BuildFax’ Joe Masters Emison noted recently that if your applications have been sitting atop the same platform for 10 years or more it’s time to get into the new decade – because you can be sure your users certainly have. In this day and age, downtime is not acceptable, and neither is latency, non-availability, weak performance or the many other detriments that are considered normal in most legacy environments. With Big Data on the way, the enterprise needs to start providing solutions that go right to the heart of the business model, and the fact is that simply expanding yesterday’s data infrastructure, reliable as it may be, is not enough to meet the challenge, at least not within a reasonable budget.
Of course, scale is not the only benefit that distribution brings to the table. Security and redundancy are also enhanced by advanced replication and the elimination of the single point of failure. This gives the enterprise the ability to maintain master data at the highest level of security while providing multiple versions to numerous points in the cluster in case key capabilities go down. As well, the ability to access data from numerous locations enhances productivity, particularly in high-traffic environments, as does the ability to harness multiple resources in parallel for heavy workloads.
A good example of a distributed architecture in action is Google’s new Mesa warehouse, says Enterprise Tech’s Timothy Prickett Morgan. The system is spread across literally tens of thousands of servers around the world and is dedicated exclusively to processing data for the AdSense, AdWords and DoubleClick businesses. It runs on the Colossus distributed file system and the Big Table data store, supplemented by MapReduce and the Paxos synchronization protocol. Performance is measured in millions of row updates per second and billions of queries per day. To avoid downtime, Mesa has a unique versioning system that matches versions to queries so data can be streamed in continuously while preventing partially finished updates from reaching an application.
Of course, building a distributed database architecture is one thing, operating it is quite another. Many leading platforms these days have all manner of query optimization, update automation and other tools to simplify management, but operators will still need to familiarize themselves with techniques like the “two-phase commit,” preferred by Oracle and others as a means to prevent data corruption should a server crash in the middle of a transaction. As well, the process of linking tables at multisite locations tends to be complex and time-consuming.
Most of these issues crop up when trying to force-fit distributed architectures onto today’s centralized infrastructure, however. Newer platforms like NuoDB are being designed around advanced memory-centric infrastructure that enables rapid and extensive scalability and unique caching opportunities that avoid the need for synchronous commit schemes and complicated resource-sharing architectures.
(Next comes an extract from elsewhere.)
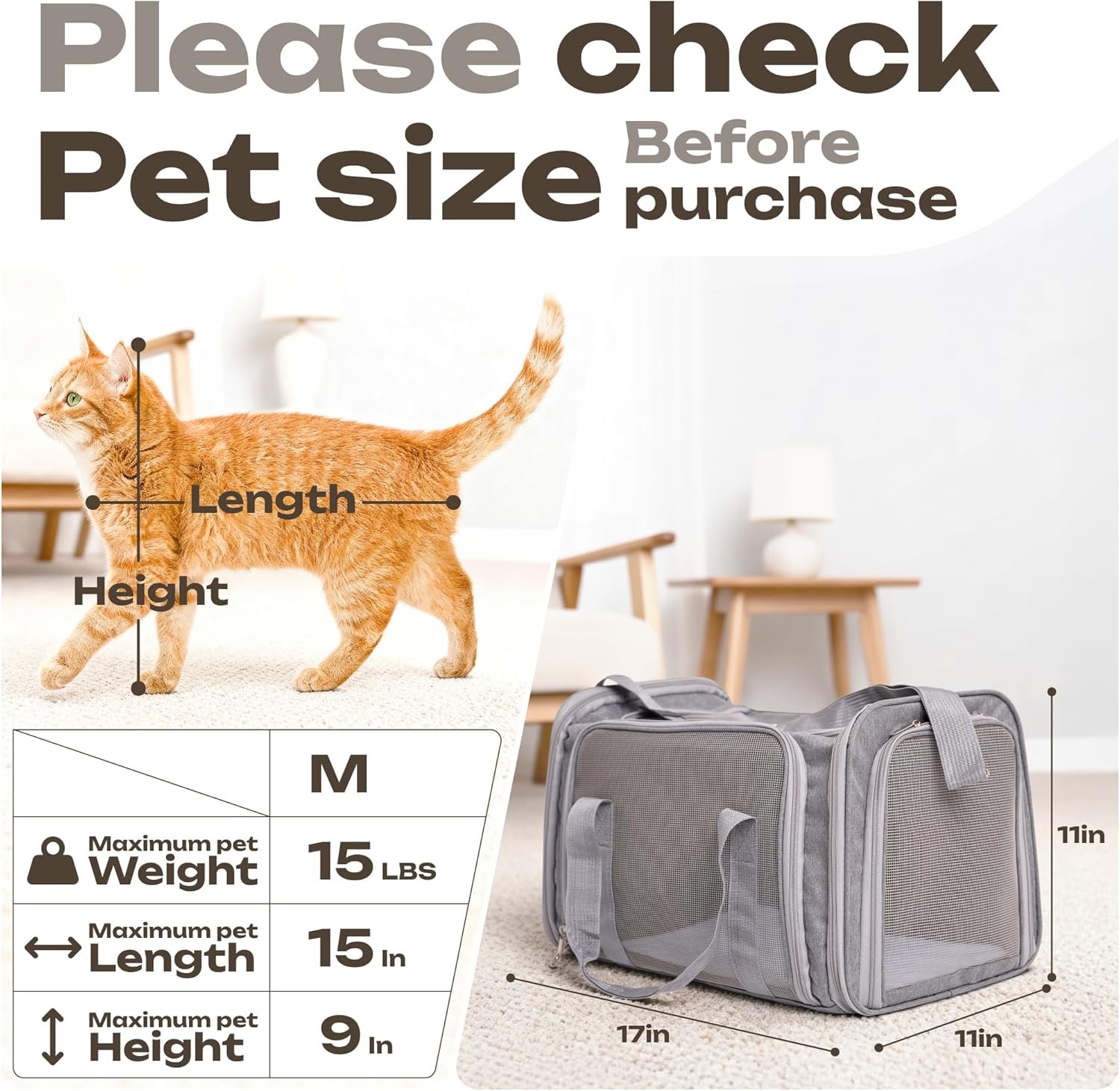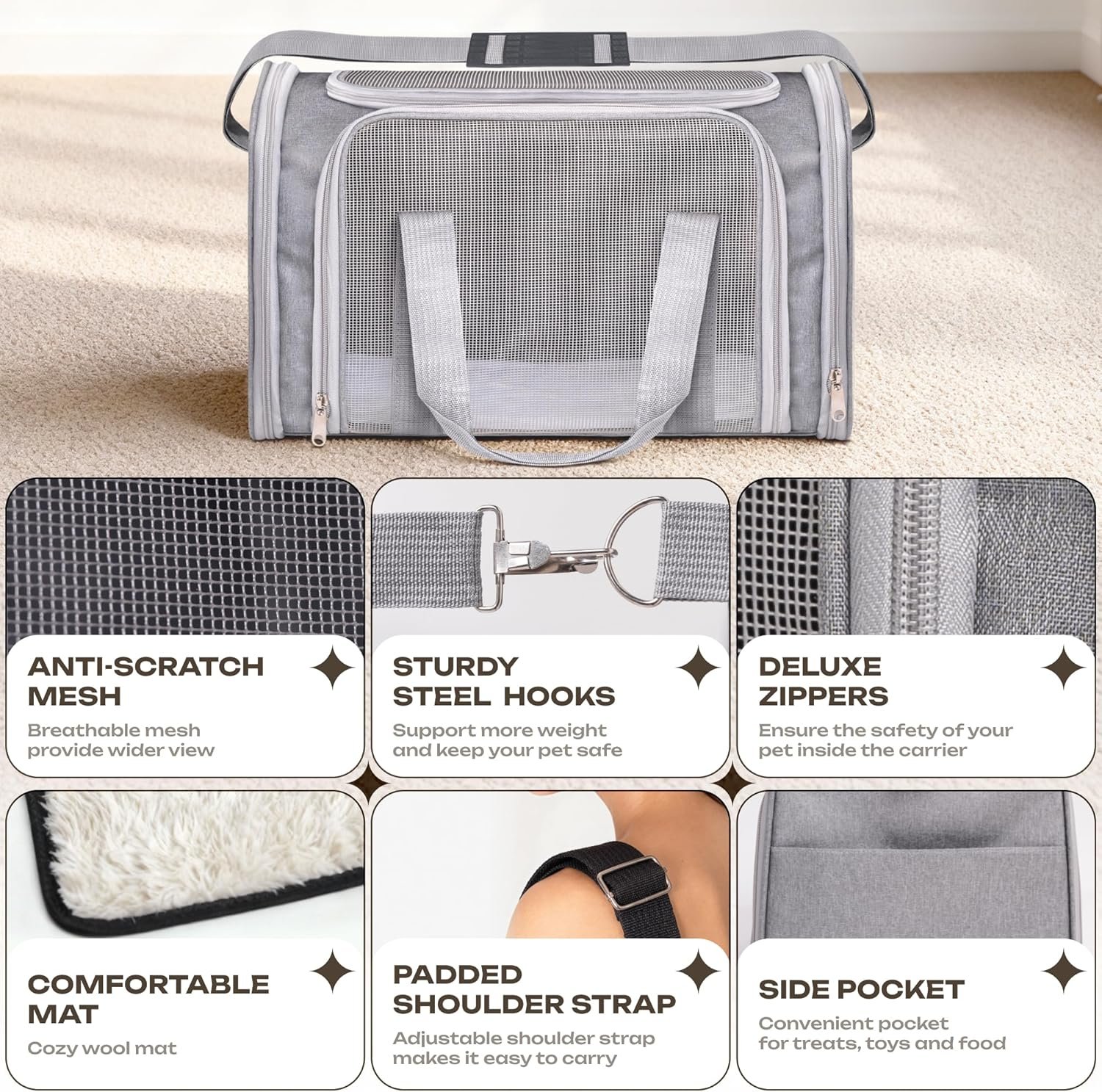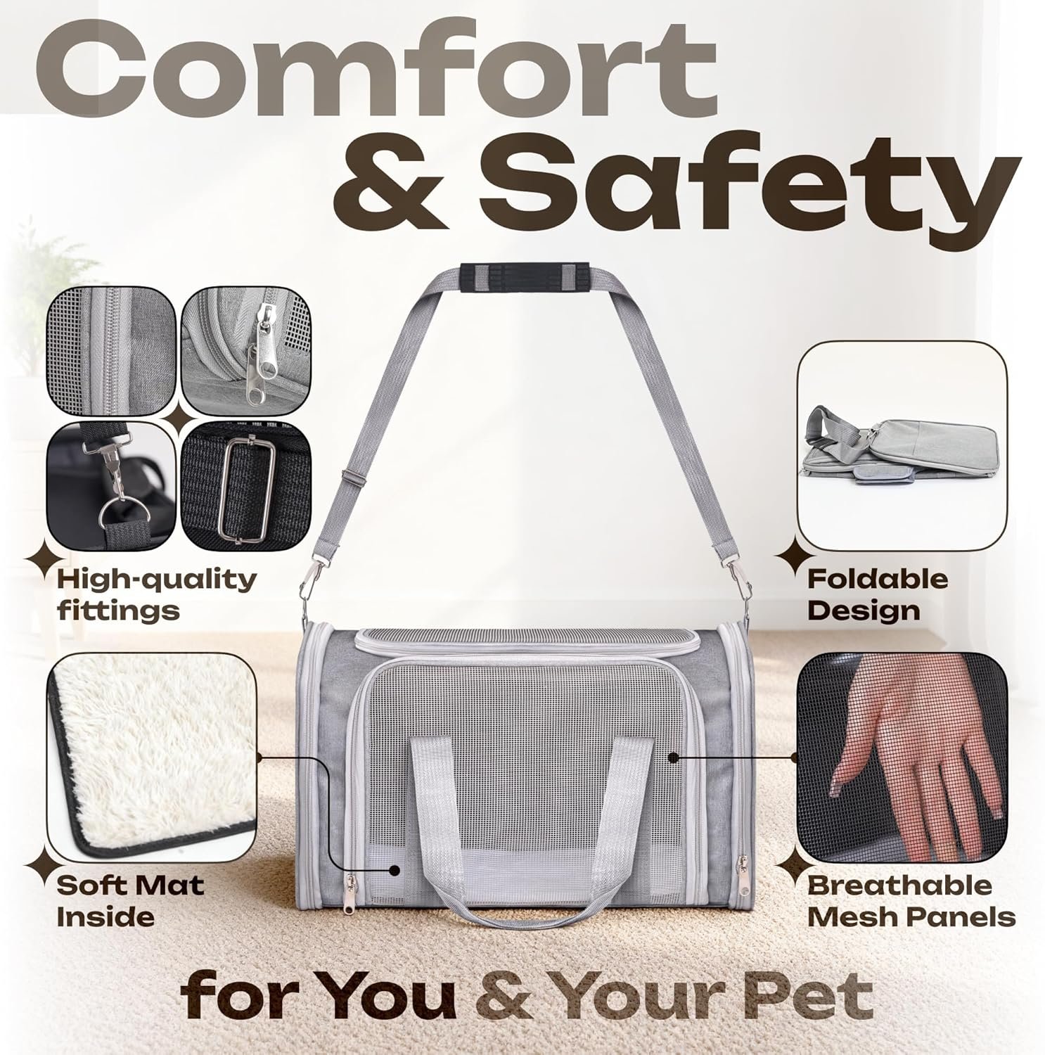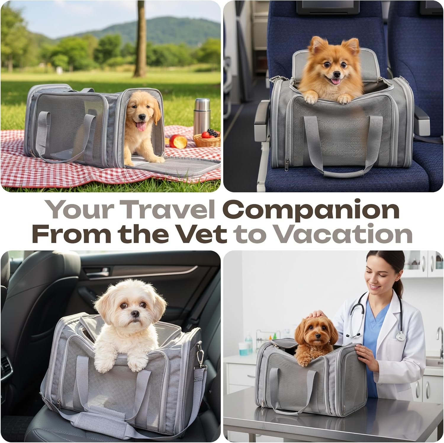 Airline Approved Medium Pet Carrier for Cats & Dogs – Foldable Dog Bag with Soft Mat, Breathable Mesh Windows, Travel-Ready Cat Carrier (Up to 15 lbs, Grey)

The Durable Distributed Cache (DDC) platform, for instance, enables broad distribution on commodity hardware through the use of in-memory container objects (Atoms) that are treated as peers by the management stack. In this way, all objects can be shared equally and database environments can be established with no single point of failure and full support for ACID semantics and other tools.
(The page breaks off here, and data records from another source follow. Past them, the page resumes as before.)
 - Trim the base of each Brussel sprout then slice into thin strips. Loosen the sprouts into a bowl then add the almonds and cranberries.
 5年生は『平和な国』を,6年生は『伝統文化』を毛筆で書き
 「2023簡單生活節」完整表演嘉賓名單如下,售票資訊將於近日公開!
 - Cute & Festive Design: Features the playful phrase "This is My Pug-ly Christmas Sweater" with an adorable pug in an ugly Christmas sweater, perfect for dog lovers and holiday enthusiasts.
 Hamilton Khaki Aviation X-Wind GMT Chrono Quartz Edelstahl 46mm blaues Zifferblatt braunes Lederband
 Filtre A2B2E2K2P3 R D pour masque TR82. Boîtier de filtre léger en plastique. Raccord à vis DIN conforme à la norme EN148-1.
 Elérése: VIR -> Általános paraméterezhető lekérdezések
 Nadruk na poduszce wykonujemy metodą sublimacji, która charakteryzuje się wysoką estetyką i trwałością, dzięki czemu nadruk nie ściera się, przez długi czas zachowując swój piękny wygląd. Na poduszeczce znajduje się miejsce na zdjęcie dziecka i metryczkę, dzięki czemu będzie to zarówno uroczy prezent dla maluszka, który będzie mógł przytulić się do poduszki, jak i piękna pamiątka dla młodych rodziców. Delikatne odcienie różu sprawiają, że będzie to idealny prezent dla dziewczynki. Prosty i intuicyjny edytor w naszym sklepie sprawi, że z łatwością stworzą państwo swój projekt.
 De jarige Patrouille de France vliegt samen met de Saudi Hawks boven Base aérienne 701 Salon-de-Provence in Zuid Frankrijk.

To paraphrase John Donne, “No datacenter is an island.” While containing the database within a singular computing environment may have served the needs of past generations, todays loads will quickly swamp even the largest facility.
Distributing virtual architectures across disparate infrastructure is not only fashionable these days but vital. And nowhere is this more critical than in database environments about to run headfirst into Big Data analytics.